Several games are available on Steam for you to download and run, e.g. Totally Accurate Battle Simulator or Ultimate Epic Battle Simulator.

By running this software on your PC and casting it to your board, you can show all your students how certain fantasy battles would end up or how the results of historical battles would change if you tweaked certain factors. 

This is fun for hours, because your students have much more control over what is happening than when watching a passive video simulation.

Bringing in Outside Help

When you don’t have time to prepare your class materials or resources, you can resort to the infinite vaults of the internet.

Plenty of websites with activities and resources are out there to help you right when you need them. Some of them include games, 3D simulations and models, maps, images, and videos, as well as primary sources and articles.

Some of the websites that you can check out are Smithsonian’s History Explorer, History Extra, School History UK, and PBS Learning Media. For interactive historical games tailored to US curricula, check out iCivics

You can also use mobile device apps. To do so, download and install them on your personal device (like smartphone or tablet), cast the screen to the board via InstaShare, and see them on the big screen.
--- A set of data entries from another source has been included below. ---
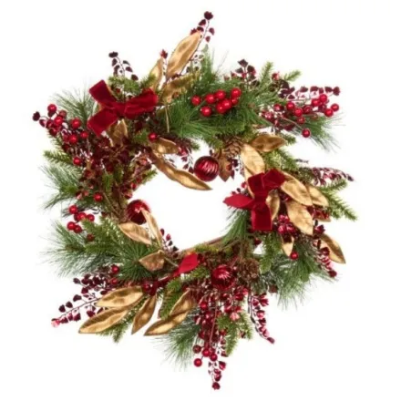 Welcome guests with the elegant Ruby Velvet Wreath 40cm, a beautifully crafted traditional wreath that adds warmth and festive charm to your home. This stunning wreath combines classic styling with luxurious ruby velvet accents, creating a sophisticated decoration that enhances any door, wall, or interior space.
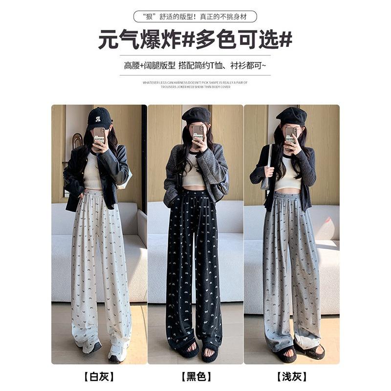 Серые спортивные штаны с бантом женские весенне-осенние новые с высокой посадкой прямые ленивый ветер маленькая драпировка широкие брюки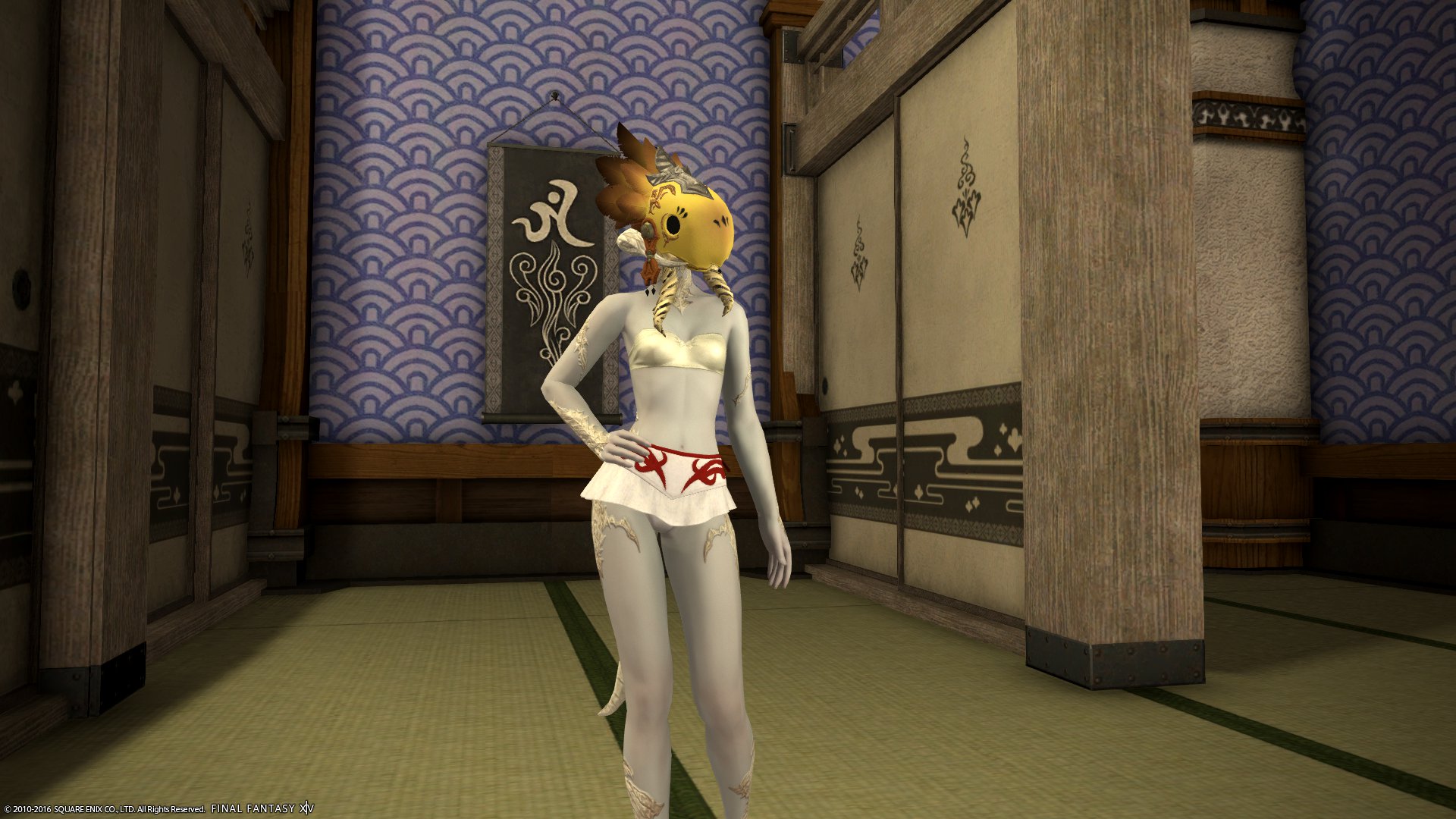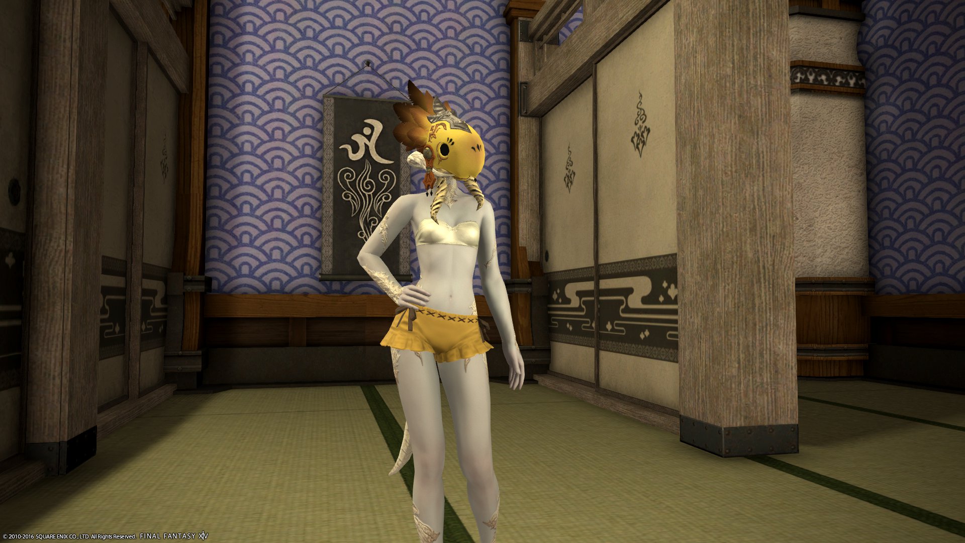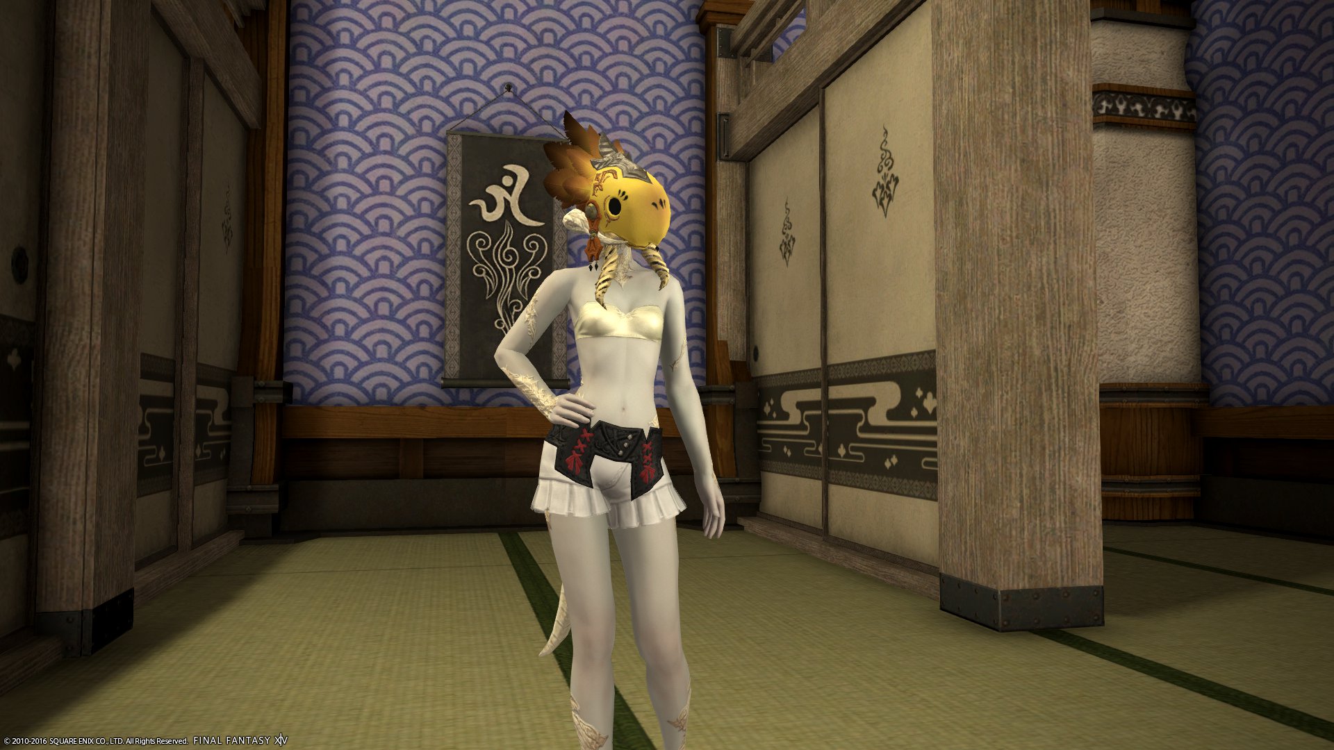 パンツ系の中ではウェスト部分の生地が多く、露出してると見せかけてそんなに露出していないあらゆる意味でエタバン向けな装備。染色可。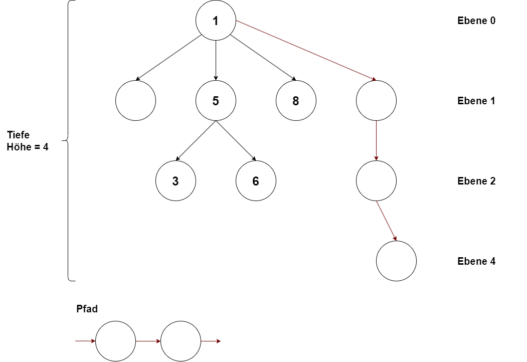 Eine Verknüpfung solcher Elemente ergibt einen binären Baum, der durch einen Verweis auf den Wurzelknoten zugänglich wird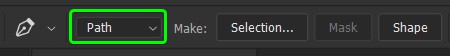 Follow the previous method to create a path on the canvas. However, set the Pen Mode to Path for this method to work.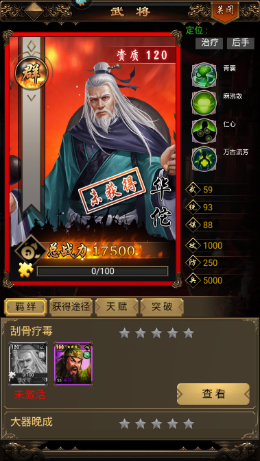 2、武将特点:华佗的大招治疗效果虽不及羊祜,但是其回复没有副作用,而且攻击敌人还带有减溢效果。即使华佗败退依然能为队伍提供大量治疗(大于羊祜两个大招的治疗量),因此华佗是不怕切后排类武将的。综合来看华佗绝对是本游戏最值得的辅助类武将,不过由于有阵营加成的关系,因此每个系列都要有一个。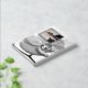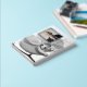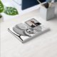 Personalice el elegante libro de invitados en memoria de los funerales de la orquídea blanca y negra para los asistentes a su celebración de la vida, despertar o homenaje a la muerte para firmar. Personalizar con el nombre de tu difunto ser querido, cumpleaños, día de la muerte y foto personal. Este elegante libro de personalizados con flores presenta una fotografía floral en blanco y negro de un bonito de flor de orquídea falaenopsis blanca en el tallo con fondo blanco y Relieve metalizado plateado.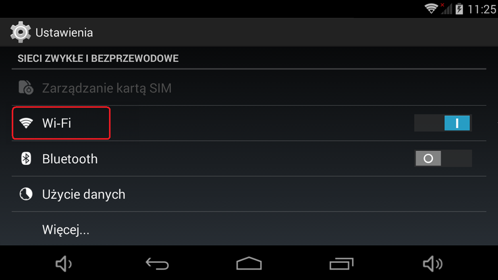By mieć możliwość aktualizacji urządzenia należy podłączyć je do Wi-Fi. By włączyć Wi-Fi wejdź w 'Aplikacje > Ustawienia > Wi-Fi' i przesuń przycisk w prawo (zmieni kolor na niebieski).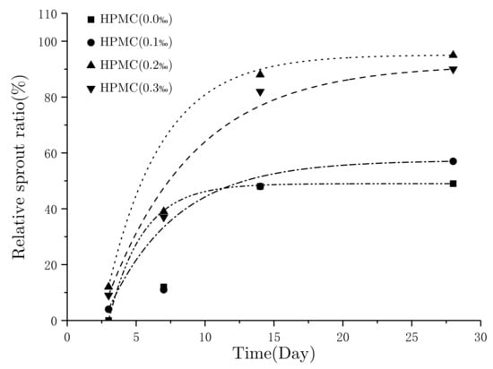Figure 8 clearly shows that the vegetarianism in PVC-0 developed slowly both in the sprout ratio and sprout time. It is noticed that with the packing material dissolving, mass of organic constituent, soluble salt and spores of probiotics for plant immersed in soil, the dissolving process benefited plant growth in the control group. However, this kind of situation may not contribute to group PVC-0 and PVC-1. Mostly because the narrow channel and unconnected void in PVC-0 and PVC-1 cannot support sufficient space for water retained, the result is that the packing materials around the seeds is not soluble at room temperature and forms a gel-like solution. From these appearances, it can be deduced that the packing material around the seed cannot be dissolved in a filling solid because of the narrow space in PC-0. This phenomenon was also be recommended in the previous research [,,].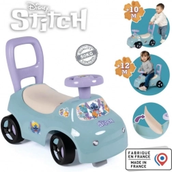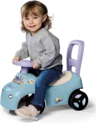 Stabil bébitaxi autó formában Stitch motívumokkal, amely 2 az 1-ben funkcióval működik - bébitaxi és járássegítő. Remek választás a kis utazóknak.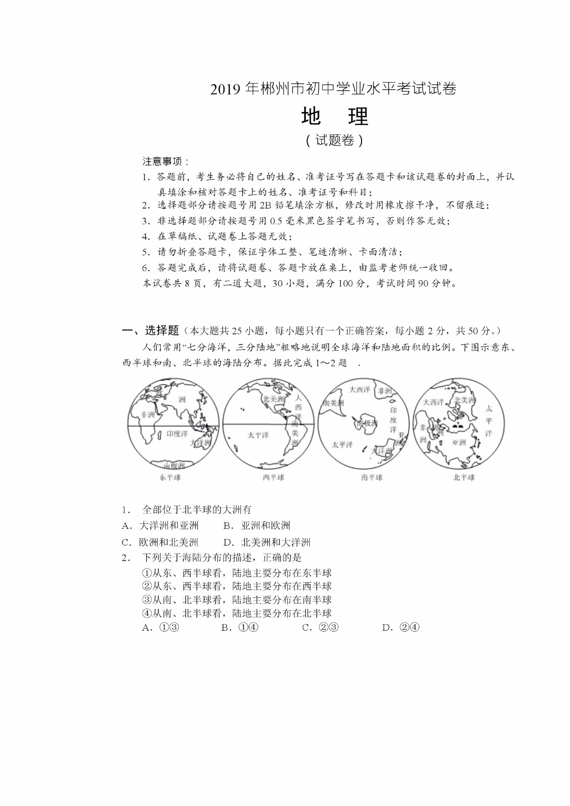 2019年湖南郴州中考地理考試已結(jié)束,中考頻道搜集整理發(fā)布了“2019年湖南郴州中考地理試卷”,僅供考生們參考學(xué)習(xí),小編預(yù)祝大家取得優(yōu)異的成績!

An amazing mobile device app that we would like to recommend is a Civilizations AR app. With it, you can show your students historical artifacts as if they were right there in your classroom. Imagine “placing” a Pharaoh’s sarcophagus on your desk and x-ray scanning it to show your students the mummy inside. Neat, right?

Other apps you can cast from your device to the board are TimeTours, available for iPad, and History Adventures, an enhanced reading experience piece available on Apple Books. 

Learn About History, Prepare for the Future

Teaching history doesn’t have to be done the archaic way, you can use a more modern and fun approach. If done right, your history class can encourage your students to learn more in their free time.

And since the world is moving in a paperless, digitized direction, your students will need to become familiar with modern tools, technologies, and attitudes. Why not start right there, in your classroom?